What is meant by Metrics?
SAAS companies used different metrics to measure the performance of their products and services. They help companies to identify areas of improvement, understand the timely needs of the customers and enrich the decision-making process with qualitative and quantitative findings. There are various
metrics that can be incorporated into the assessing process. Some of them are customer satisfaction metrics, conversion metrics, engagement metrics etc.
Metrics
Customer Churn Rate
Customer Churn Rate represents the proportion of service users that cancel their memberships or subscriptions within a specified period. A churn rate that surpasses the growth rate is an indication of an increase in the customer base. Companies usually calculate the churn rate monthly or yearly. This decision depends on the nature of your customers.
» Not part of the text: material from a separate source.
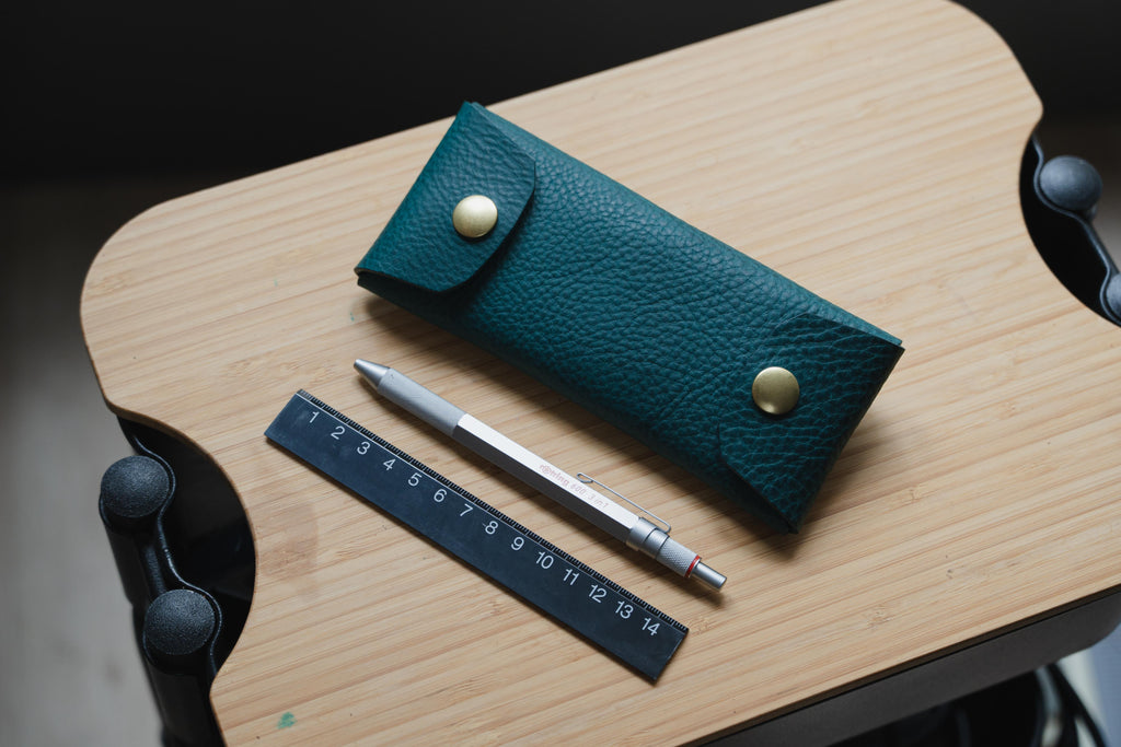 You're looking at a unique stitch-less design pen case crafted from Minerva Box pebbled vegetable tanned leather. The pen pouch is held together by three really high quality and durable solid brass snap buttons. The pens inside can be accessed from all three openings, making the pen case super versatile in actual use!

According to messaged.com, Start-ups have to maintain a churn rate of 3% to 5% monthly and yearly it has to be in the range of 10% – 15%. Further, this measure will generate a clear picture of the level of satisfaction among the customers about the services offered by the company. Even though churn rate plays a vital role in the Telecommunication industry, it cannot be compared between various industries and it cannot provide information about the customer categories. (Investopedia)
Revenue Churn
Revenue Churn & Customer Churn metrics are equally important to SAAS companies because their revenue depends on customer subscriptions. That means losing customers will negatively affect the revenue as well. Revenue Churn can be simply defined as the percentage of revenue loss at a specific period. This calculation is based on the monthly or yearly recurring revenue of the companies. A monthly subscription can be recognized as a recurring revenue as it will continue in the future as well. The primary advantage of the Revenue Churn rate is that it identifies the customer groups (for the companies that have various subscriptions plans) that have contributed to the revenue loss.
Customer Lifetime Value
Customer Lifetime Value indicates the amount of money that a particular customer provides to the company within their subscription period. (Simply the value of the customers) This rate is calculated by incorporating gross profit margin, retention rate, and discount rate.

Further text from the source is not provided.